Contro la “glottofobia”, la discriminazione che avete fatto tutti

Distinguere sulla base del linguaggio, delle sfumature di accento, della capacità grammaticale, ma anche esprimere gerarchie tra una lingua e l’altra, che altro non sono che il rifletto delle condizioni di potere sociali

In Italia questa parola non c’è, ma dovrebbe esserci (è molto probabile però che ci sarà in futuro): “glottofobia”. Da non confondere con “glossofobia”, che è la paura di parlare in pubblico, la “glottofobia” è, invece, ogni atto discriminatorio fondato sul modo in cui una persona parla una lingua.

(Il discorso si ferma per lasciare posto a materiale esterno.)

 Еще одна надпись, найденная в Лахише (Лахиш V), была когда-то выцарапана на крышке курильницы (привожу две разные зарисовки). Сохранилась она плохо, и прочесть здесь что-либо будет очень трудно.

Non si tratta qui delle prese in giro per eventuali difetti di pronuncia personali (anche se..), ma delle diversità sociali che emergono nell’uso della lingua. Per capirsi, è glottofobia la discriminazione fatta sulla base di accenti regionali diversi, oppure di accenti stranieri. Ma è glottofobia anche il senso di superiorità della lingua nazionale nei confronti dei dialetti e, in Paesi come il Brasile, la repressione sistematica delle lingue minoritarie all’interno di una nazione. Ci si scandalizza tanto per la discriminazione fondata sul colore della pelle, o su un diverso credo religioso o un altro orientamento sessuale, ma nessuno dice niente per quella che avviene, ogni giorno, fondata sulla pronuncia della lingua.

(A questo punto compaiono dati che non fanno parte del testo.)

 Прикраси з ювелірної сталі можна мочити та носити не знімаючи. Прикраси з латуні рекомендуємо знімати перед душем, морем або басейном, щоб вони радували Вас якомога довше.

Del resto, l’avversione per la scarsa scioltezza linguistica, se non è un problema in sé, è senza dubbio una spia efficace per altri problemi, sottostanti. Sottolineare i costrutti sbagliati e il lessico incerto di uno straniero è xenofobia? Può essere, ma solo se tradisce una lingua madre “inferiore”. Discriminare un accento identificativo di una regione è razzismo? Se non lo è, gli somiglia molto. Denigrare chi, pur esprimendosi nella sua lingua madre, dimostra scarsa dimestichezza con alcune regole della grammatica, è classismo? Senza dubbio.

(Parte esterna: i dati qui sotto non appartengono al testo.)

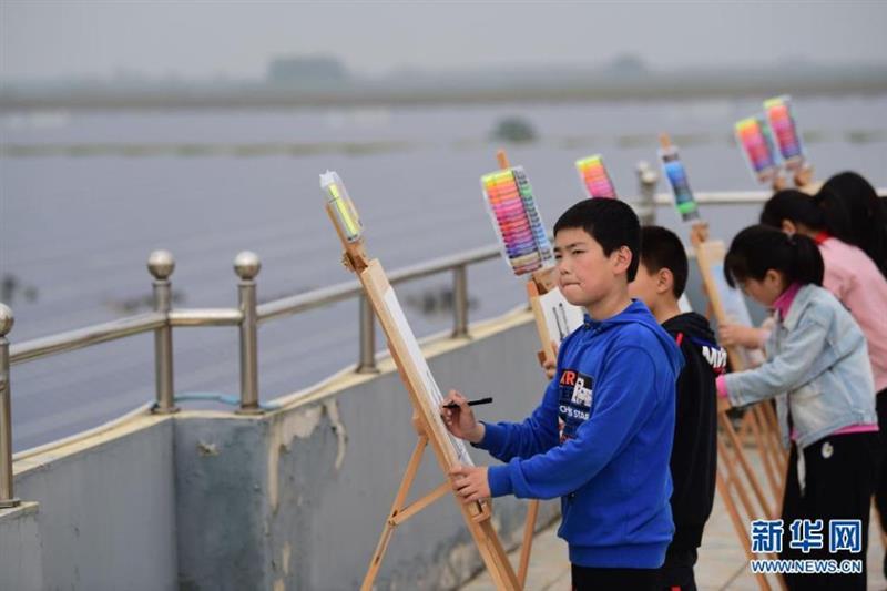 5月12日,在江蘇淮安金湖縣塔集鎮(zhèn)光伏發(fā)電站,銀涂鎮(zhèn)中心小學(xué)學(xué)生在老師的指導(dǎo)下進(jìn)行繪畫(huà)創(chuàng)作。

E allora sì, chi deride Giggino Di Maio – un nome a caso – per la sua impreparazione linguistica e i congiuntivi fantasiosi compie un atto di glottofobia. Ma – attenzione – lo farebbe anche chi, sganasciandosi dalle risate, prende in giro i vari Rutelli, Berlusconi e soprattutto Renzi per il loro improbabile inglese: l’atto glottofobo sta anche nello stabilire gerarchie tra le lingue, a favore di quelle dominanti come l’inglese (ma in passato era il francese) e a discapito di quelle subordinate come, in questo caso, l’italiano. È già autoglottofobia.

In particolare, passa sotto la categoria di glottofobia la repressione di lingue considerate aliene: ad esempio, la lotta contro l’esperanto portata avanti da Stalin. Il dittatore sovietico, per farsi capire bene, arrivò anche a far uccidere anche dieci esperantisti. Va un po’ meglio ma non tanto alle lingue regionali iberiche e francesi, come il catalano (più volte definito, con disprezzo, un “dialetto”), o l’alsaziano, il bretone e il bambara. Perché non difenderle?

Del resto, la possibilità di insegnare nelle classi anche il dialetto, come avviene in alcuni paesi del Friuli, va verso questa direzione: anti-glottofobia. Ma alcuni illuminati, tempo fa, pensavano che fosse solo retroguardia.